He has also increased positions in insurance brokers Aon and Marsh & McLennan. As service businesses with almost no capital requirements, the companies should provide a good inflation hedge. Mastercard, which earns recurring revenues from fees for processing credit card transactions, should also benefit when inflation picks up.

During the summer, de Vaulx added to the fund's stake in the Washington Post Company, which declined when investors worried that a government crackdown on student loan programs would hurt the company's Kaplan unit. "With the stock so low, we were basically paying for the cable and newspaper operations and getting the Kaplan business for nothing," he says.

The fund has 14% of assets in Japanese companies, which he calls "by far the cheapest market in the world. Stocks there sell at 1.1 times book value, compared to 2 times book value in the U.S." He says that the cheapness of the market has less to do with the country's economy than the fact that companies are not managed with shareholder interests in mind. They do, however, have strong balance sheets and are sitting on a huge amount of cash.

"If you take that cash out of the equation, the adjusted price-earnings ratios are quite low," he says.

The fund's largest Japanese holding is Astellas Pharmaceuticals, which, like other pharmaceutical companies, has a product pipeline in need of replenishment. But Astellas has also made several reasonably priced acquisitions and has bought back a significant percentage of its shares. At a price of less than five times operating income, the stock "is considerably cheaper than Pfizer."

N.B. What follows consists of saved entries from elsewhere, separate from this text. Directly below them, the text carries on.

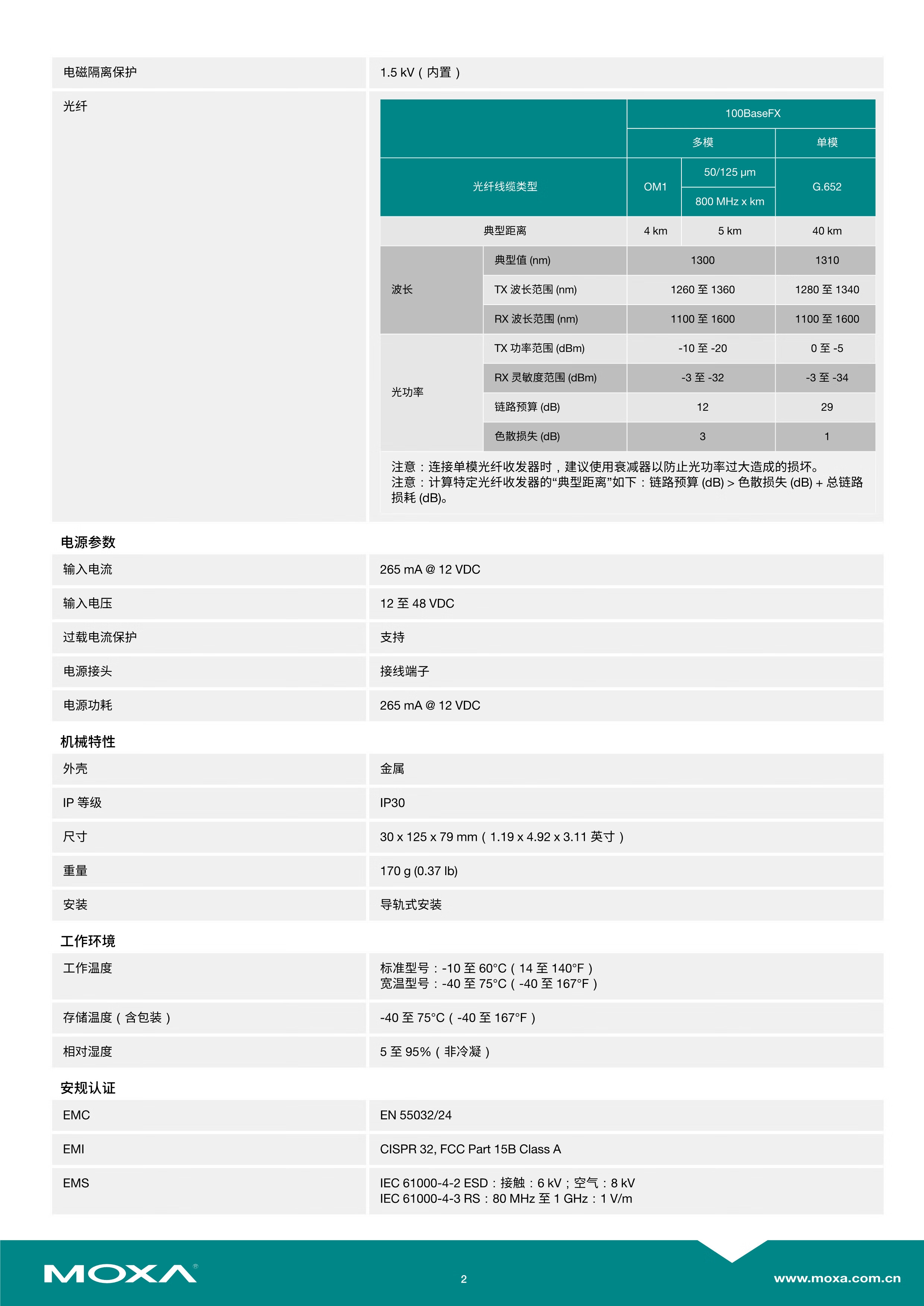 MOXA 1 optical 1 electrical single mode converter IMC-21A-S-S-T
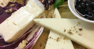 Fonduta di formaggio (gorgonzola,pecorino e grana) con tagliata di pollo, flatiron e filone di maiale
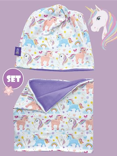 Unicorn Kids Girls Beanie Hat & Loop Scarf Set - with Fleece - 95% Cotton - Soft & Easy Care Stretch Material 1
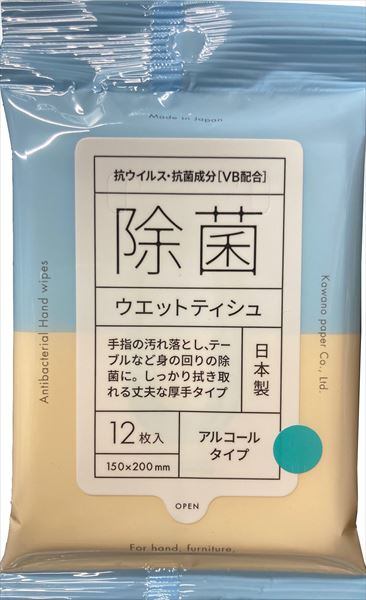 【まとめ買い】抗ウイルス・抗菌成分(VB)配合除菌アルコールウエット12枚 【 河野製紙 】【HRM-22596258-3】×10点セット

Because Japan now exports more goods to China than the U.S., he views companies there as a back-door entry point to that emerging market's growth. He avoids direct investment in Chinese companies because of their lack of transparency and the threat of government regulation. "It's a mistake to mechanically equate strong economic growth with good stock market performance," he observes.

As new fund inflows go largely toward stock market bargains, the bond portion of the portfolio has shrunk from 35% of assets at the middle of last year to its current level of about 20%. The bulk of the bond allocation is in former investment-grade bonds that became high-yield securities when tough times hit. To prevent a hit if inflation rears up in a couple of years, de Vaulx keeps maturities in the two-to-seven year range.

At 6.5% of assets, gold bullion represents the fund's largest position. The stake represents a form of insurance against both inflation and deflation, since gold prices tend to do well in both types of environments.